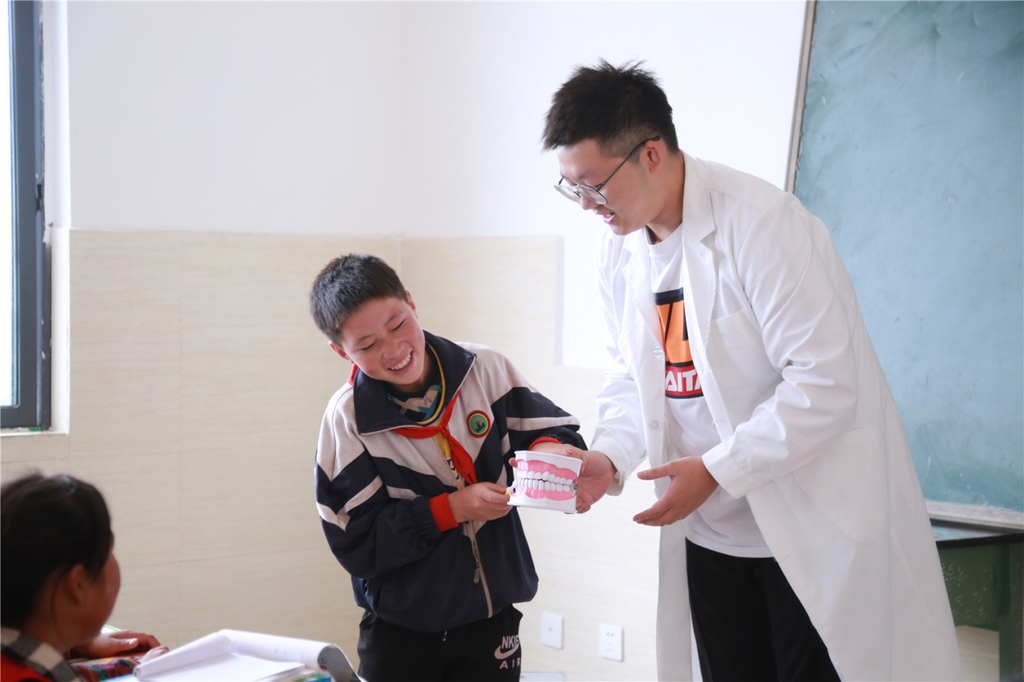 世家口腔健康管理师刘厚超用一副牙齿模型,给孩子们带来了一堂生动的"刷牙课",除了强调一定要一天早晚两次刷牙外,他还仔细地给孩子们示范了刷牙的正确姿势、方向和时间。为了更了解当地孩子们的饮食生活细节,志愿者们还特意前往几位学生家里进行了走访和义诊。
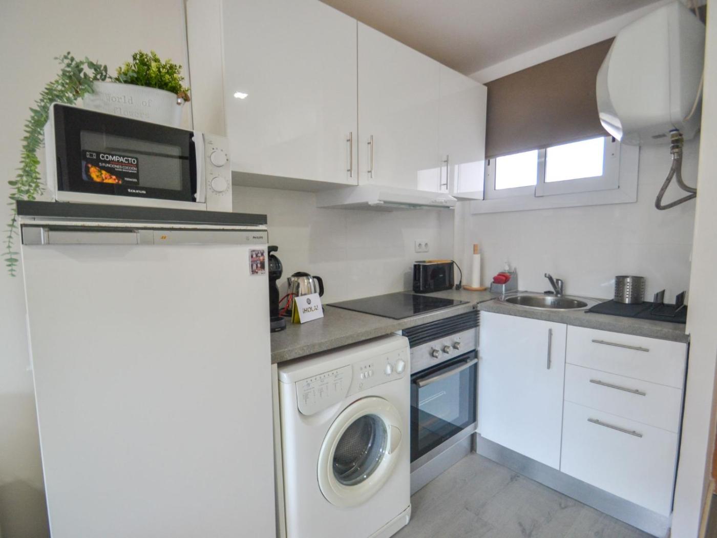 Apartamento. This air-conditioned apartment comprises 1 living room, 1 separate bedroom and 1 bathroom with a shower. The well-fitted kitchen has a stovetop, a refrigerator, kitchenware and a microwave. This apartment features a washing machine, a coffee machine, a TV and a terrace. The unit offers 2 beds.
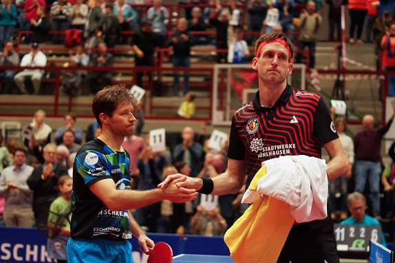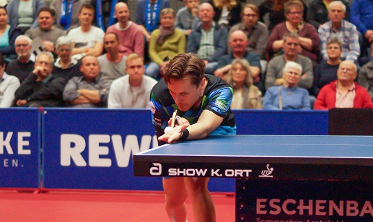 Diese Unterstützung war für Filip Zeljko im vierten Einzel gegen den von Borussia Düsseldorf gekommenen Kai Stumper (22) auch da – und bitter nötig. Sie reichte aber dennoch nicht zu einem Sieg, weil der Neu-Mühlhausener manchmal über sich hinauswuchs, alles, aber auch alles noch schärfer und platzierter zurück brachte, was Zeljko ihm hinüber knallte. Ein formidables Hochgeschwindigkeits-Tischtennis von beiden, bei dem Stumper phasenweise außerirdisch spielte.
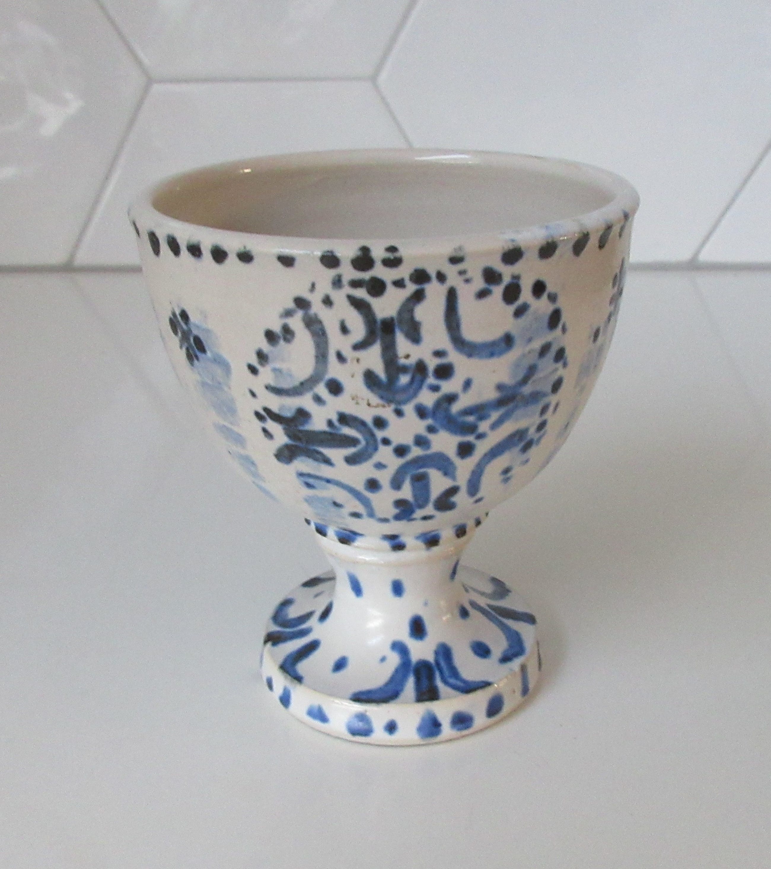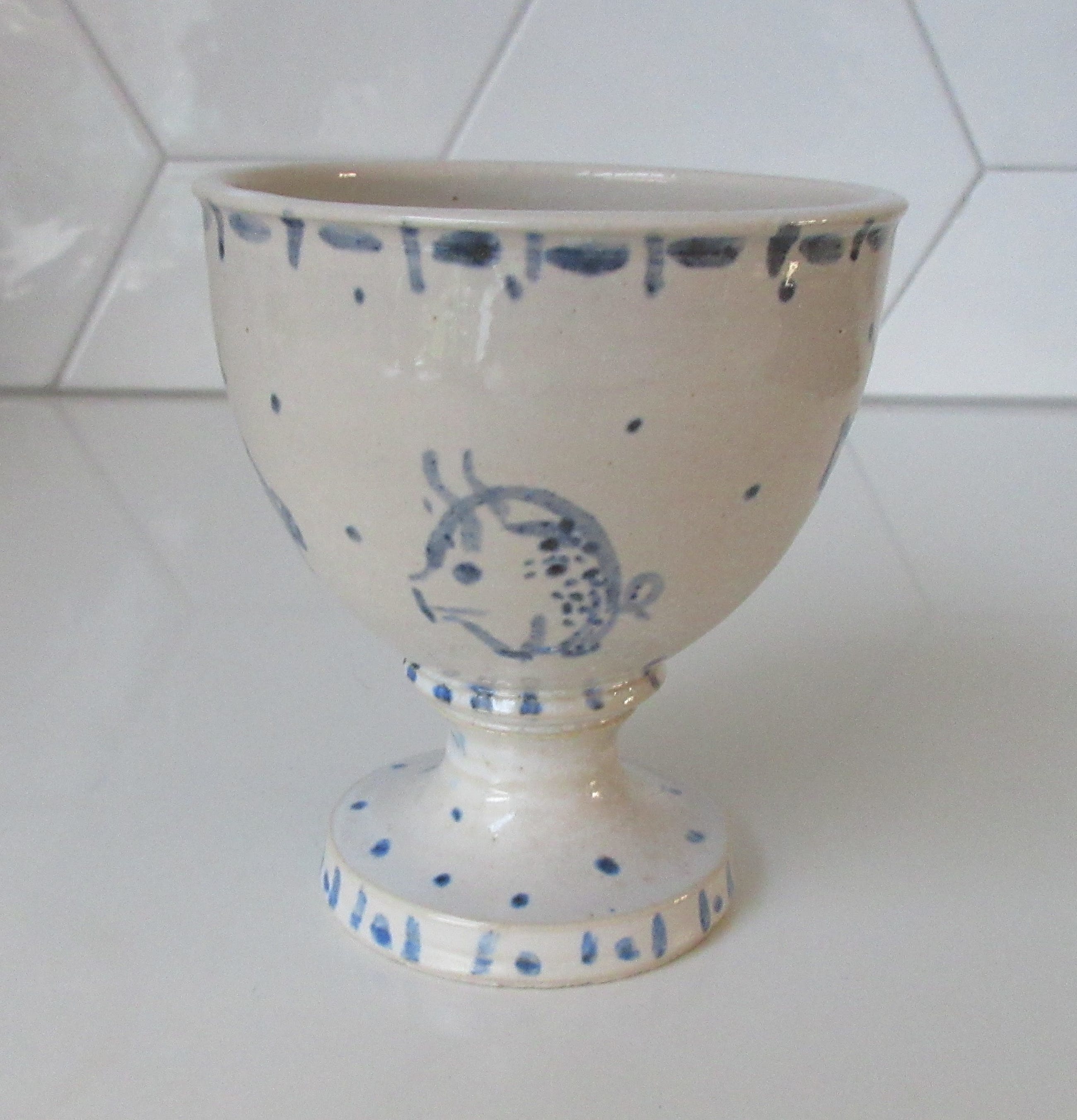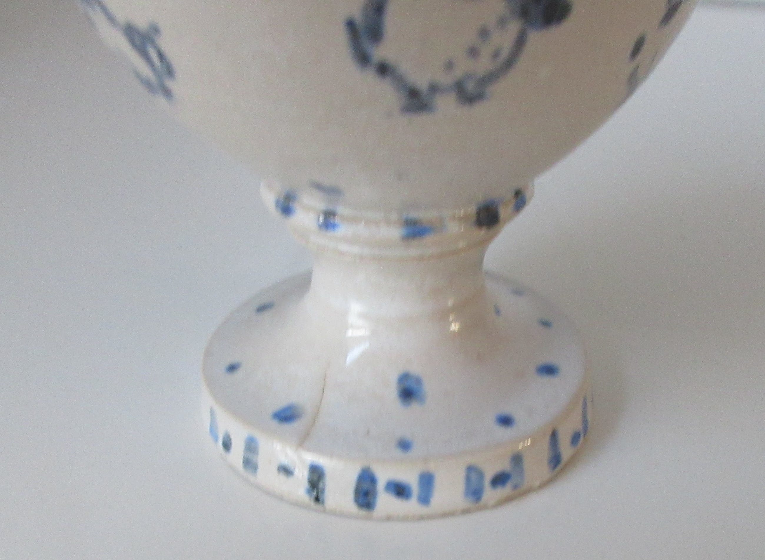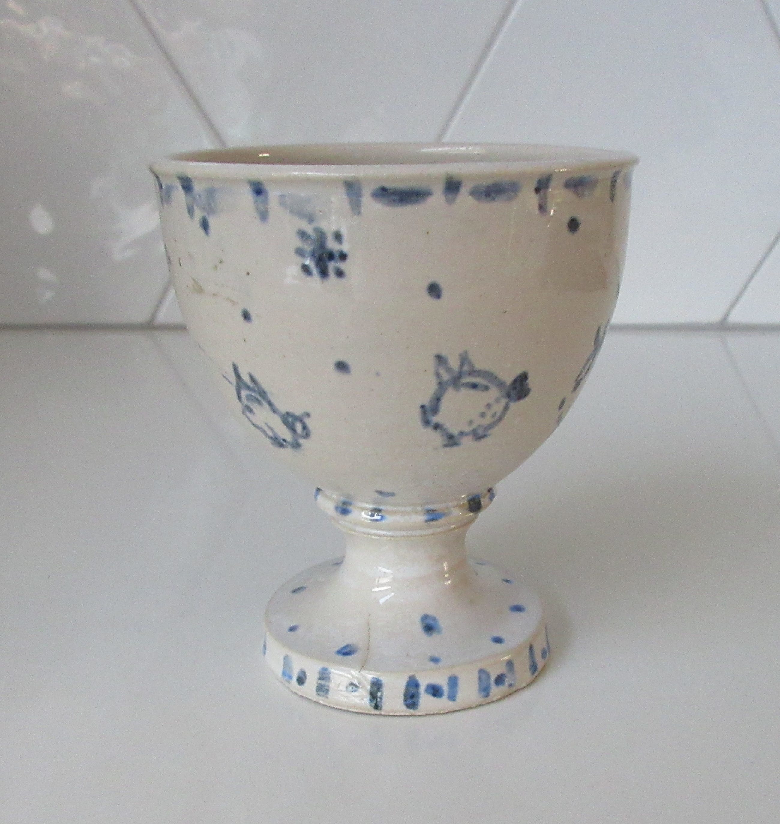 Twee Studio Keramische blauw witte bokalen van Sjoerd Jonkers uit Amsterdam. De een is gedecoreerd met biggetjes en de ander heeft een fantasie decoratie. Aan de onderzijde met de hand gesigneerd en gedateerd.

=-=-=

TASK |
Print exactly what appears from the first line of the listing above down to the line containing "Apartamento. This air-conditioned", inclusive, and leave out all pictures.

RESULT OF THE TASK |
 世家口腔健康管理师刘厚超用一副牙齿模型,给孩子们带来了一堂生动的"刷牙课",除了强调一定要一天早晚两次刷牙外,他还仔细地给孩子们示范了刷牙的正确姿势、方向和时间。为了更了解当地孩子们的饮食生活细节,志愿者们还特意前往几位学生家里进行了走访和义诊。
 Apartamento. This air-conditioned apartment comprises 1 living room, 1 separate bedroom and 1 bathroom with a shower. The well-fitted kitchen has a stovetop, a refrigerator, kitchenware and a microwave. This apartment features a washing machine, a coffee machine, a TV and a terrace. The unit offers 2 beds.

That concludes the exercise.